Phase F Implementation Complete
Date: 2026-02-17 Branch: feature/sonnet-impl-20260217-155229 Status: ✅ Implemented (Testing Deferred)
Summary
Phase F implements observability and disaster recovery:
- Structured Logging: JSON logs with request_id (already in Phase B!)
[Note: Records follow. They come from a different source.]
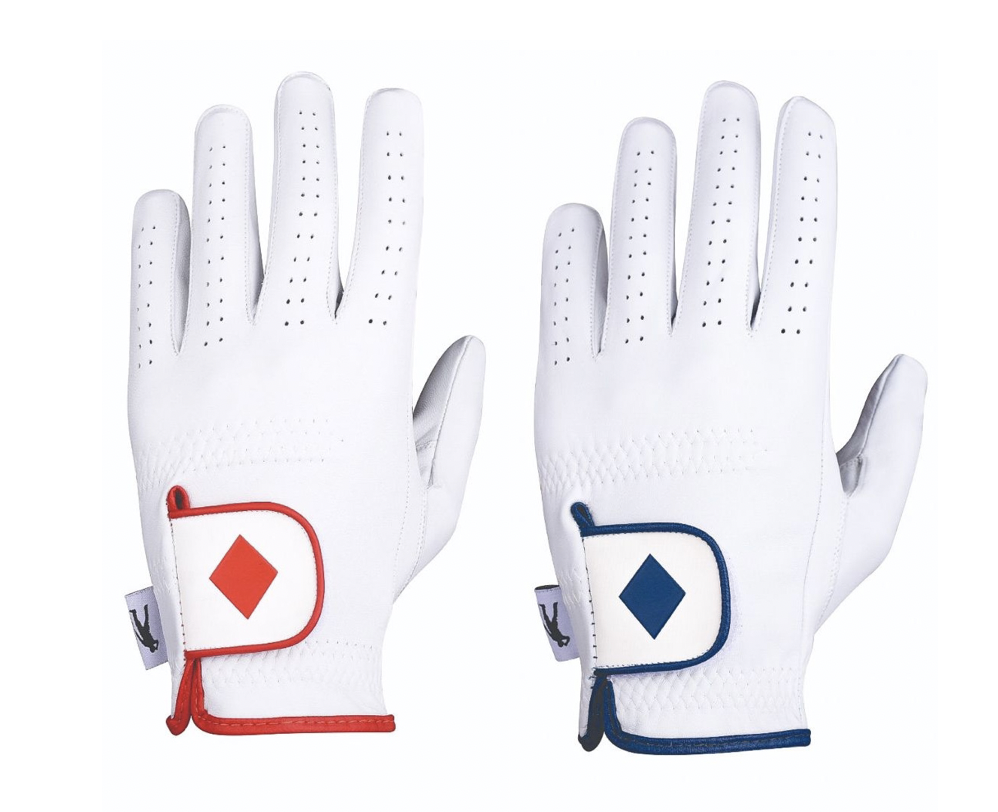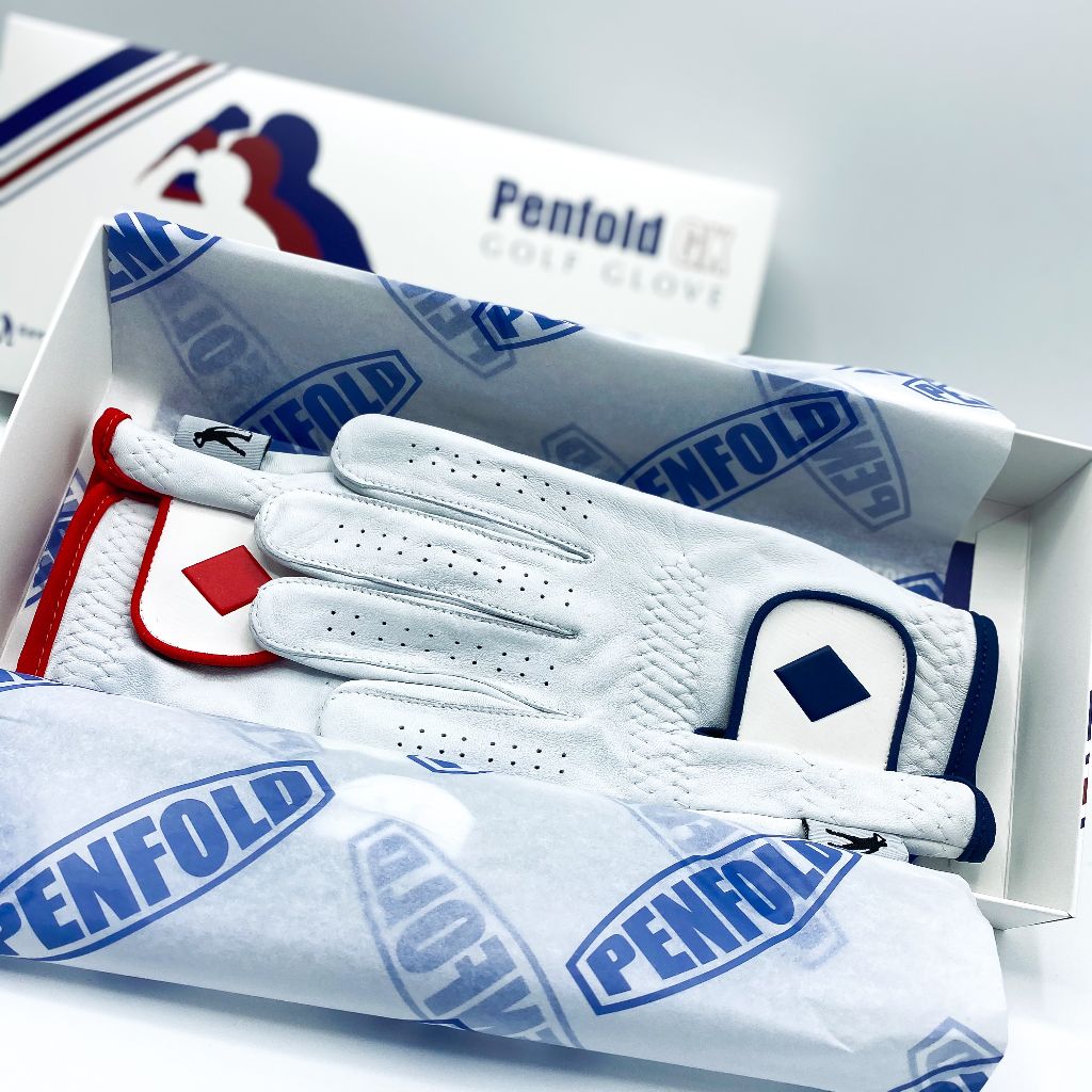 The Penfold Seve glove set includes two GX cabretta leather gloves, one featuring red piping, the other blue. Both feature the Penfold diamond logo on the strap and the iconic Seve Ballesteros silhouette logo on the label.
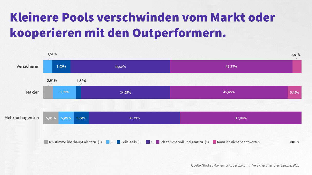 Im Segment der Maklerpools herrscht ein starker Konsens (über 80 %) über eine bevorstehende Konsolidierungswelle. Es wird erwartet, dass kleine Pools vom Markt verschwinden und deren angebundene Vermittler zu den Marktführern migrieren. Zudem rechnen über 80 Prozent der befragten Versicherer damit, dass sich erfolgreiche Pools durch Zukäufe verstärkt zu Maklergruppen weiterentwickeln.
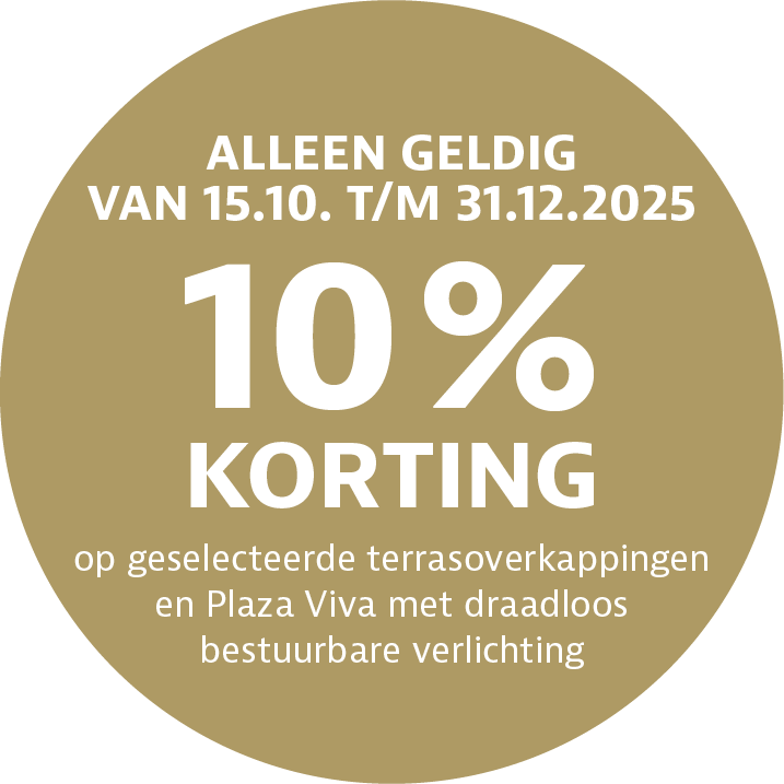 • 10 % korting op uw glazen terrasdak Terrazza Pure, Terrazza Sempra of Terrazza Originale of uw pergolazonwering Plaza Viva inclusief lichtlijst, handzender en ontvanger
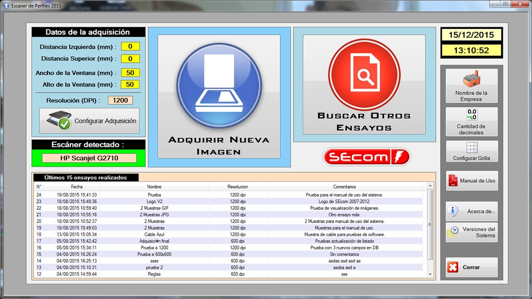 El software Escáner de Perfiles permite la adquisición, procesamiento, análisis y visualización de imágenes de pequeñas dimensiones.

- Metrics Collection: Prometheus-compatible metrics endpoint
- Wallet Reconciliation: Nightly job to detect balance discrepancies
- Reindex Scripts: Re-embed chunks with new models
- Disaster Recovery: Weekly export of canonical chunks to blob store
What Was Implemented
S17: Structured Logging & Metrics
Already Implemented in Phase B:
- app/core/logging.py: JSON formatter with request_id
- Structured logs with timestamp, level, logger, message, request_id
New in Phase F: app/core/metrics.py
MetricsCollector: - In-memory metrics collection - Counters, histograms, and gauges - Prometheus-compatible exposition - JSON export for debugging
Helper Functions:
from app.core.metrics import (
record_ingestion_job,
record_pinecone_query,
record_pinecone_upsert,
record_openai_request,
record_wallet_reservation,
set_circuit_breaker_state,
set_active_reservations,
record_rate_limit_rejection
)
# Example usage
record_openai_request(
model="gpt-4o",
endpoint="chat",
duration_seconds=2.5,
tokens=350
)
Metrics Exposed:
| Metric | Type | Labels | Purpose |
|---|---|---|---|
ingestion_job_status_total |
Counter | status, language | Track job outcomes |
ingestion_job_duration_seconds |
Histogram | status, language | Performance monitoring |
pinecone_query_duration_seconds |
Histogram | namespace | Vector search latency |
pinecone_upsert_duration_seconds |
Histogram | namespace | Upsert latency |
pinecone_vectors_upserted_total |
Counter | namespace | Vector count tracking |
openai_request_duration_seconds |
Histogram | model, endpoint | LLM call latency |
openai_tokens_used_total |
Counter | model | Cost tracking |
wallet_reservation_total |
Counter | status | Billing flow health |
circuit_breaker_state |
Gauge | service | 0=closed, 1=open, 2=half-open |
active_reservations |
Gauge | - | Currently un-finalized reservations |
rate_limit_rejected_total |
Counter | scope, path | Rate limit enforcement |
Endpoints: app/api/routers/metrics.py
- GET /metrics/prometheus: Prometheus text format
- GET /metrics/json: JSON format for debugging
S18: Wallet Reconciliation Job
New: scripts/reconcile_wallets.py
Functionality:
- Compares wallet.token_balance with SUM(wallet_ledger.delta)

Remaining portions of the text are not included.